Name: | Elisa Tamburo | |
Time as Resident Fellow: | 2014 - 2019 | |
Email-Address: | elisa.tamburo@kcl.ac.uk | |
Project Title: | Moving House: place, time and the politics of urban relocation in a Taipei military village |
Elisa Tamburo stayed at the ERCCT during her time as a PhD candidate in Social Anthropology at SOAS, University of London. Previously, she received an MA in Anthropology of Media in 2011. Her main anthropological interests include urban anthropology, critical theory, anthropology of memory, oral history, materiality, diaspora and post-authoritarianism.

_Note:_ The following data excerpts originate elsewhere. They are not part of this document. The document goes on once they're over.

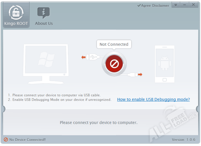 Шаг-6. Подключите свое Android-устройство к компьютеру посредством USB-кабеля и запустите утилиту Kingo Android ROOT.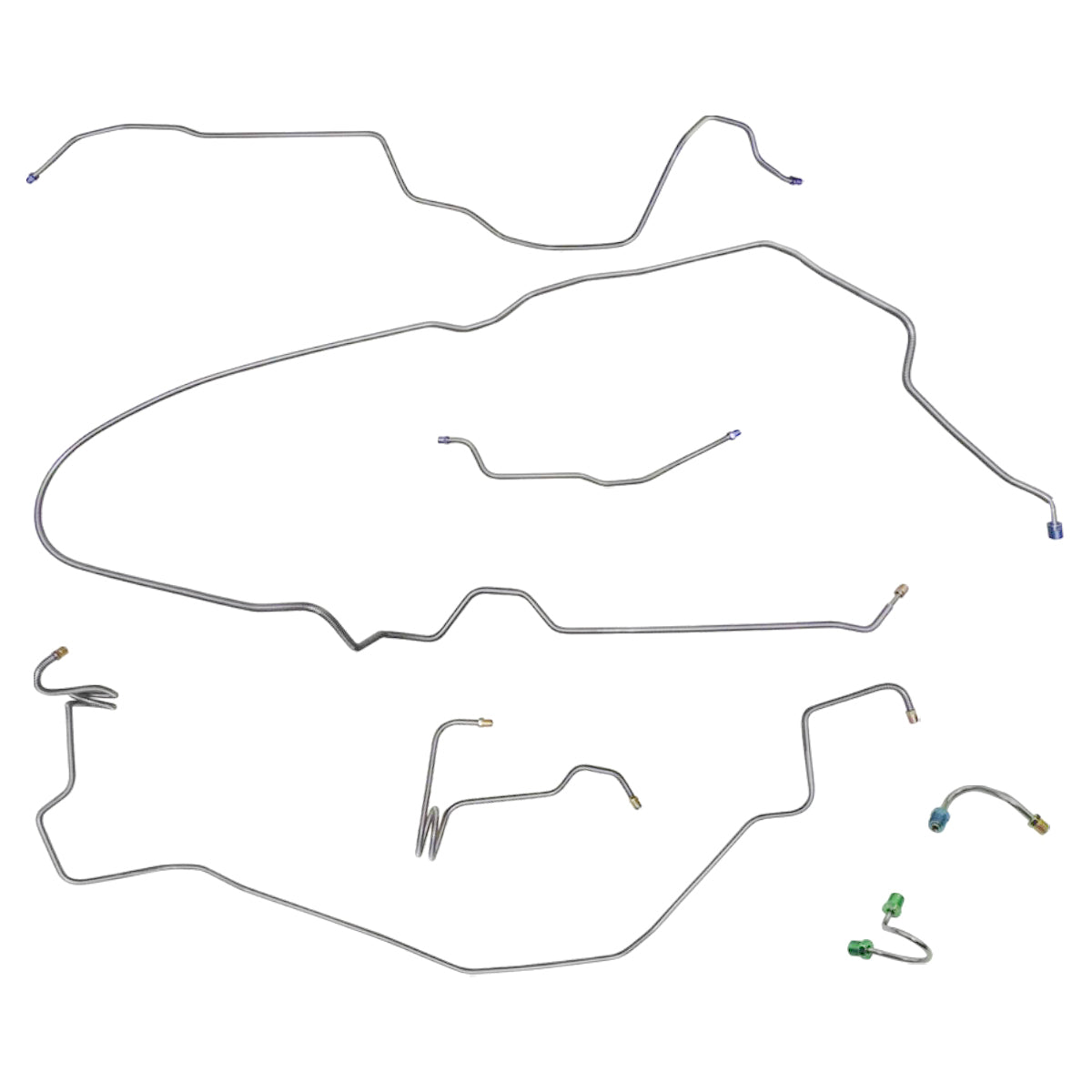 This preformed complete brake line kit will replace all the metal brake lines on your vehicle and includes the master cylinder lines, left front line and right front crossover line, intermediate lines, and rear axle lines/trailing arm lines.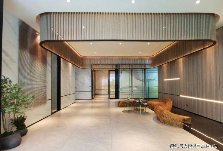 双精装入户大堂,是新世界天澜的做法,楼栋入户大堂外部区域,以木饰墙面、大理石、栅格等元素点缀,形成一个衔接户外与入户大堂的“中转站点”。

While carrying out her doctoral research fieldwork for 18 months in Taiwan, she was a Visiting Associate in the department of Sociology at Academia Sinica (Taipei). Since her BA and MA studies in Italy, Elisa has been trained in Mandarin and has undertaken long-term fieldwork in China (with fieldtrips in Guangdong, Zhejiang, Shaanxi, Qinghai and Gansu), where she has been affiliated first with Hangzhou’s Zhejiang University and later with Guangzhou’s Zhongshan University. She is interested in carrying out ethnographic research in mainland China and Taiwan and among the Chinese diaspora elsewhere.
After graduation from SOAS, she became a Postdoctoral Researcher in Social Anthropology at King's College London.
My PhD thesis interrogates the relations between modernity and practices of everyday life in Asian cities. After the Chinese Civil War, members of the Nationalist army and their families were settled in dedicated villages (juancun) in Taiwan. Against the background of urban renewal, the dwellers of these historical, vernacular villages are now being resettled into modern high-rise apartments. Based on 18 months of fieldwork carried out during the year of the imminent relocation in one of the last military villages in Taipei, my research aims to understand urban renewal as a process of rupture. It asks how three generations of juancun inhabitants cope with relocation and negotiate their personal and collective memories, their sense of belonging and their social and political identities.
Dialectically relating architecture, objects, memory and everyday practices, and by considering modernity itself as an extremely ambiguous and dual force, I show how the inhabitants facing relocation are caught up in contradictory coping strategies: memorializing community life by looking at the past, while at the same time projecting into the future in an impulse of enthusiastic aspiration.
Further, I examine modernity as a force characterized by “extreme separation, scission and duality” (Lefebvre 1995:169), altering and reconfiguring relationships at the micro-level, while on a macro-level, separating lived memory and memory-places in the process of memorialization of vernacular settlements and heritage conservation. Throughout, the thesis questions the meaning of progress in capitalist modernity, while advocating for a sustainable and social way of dwelling.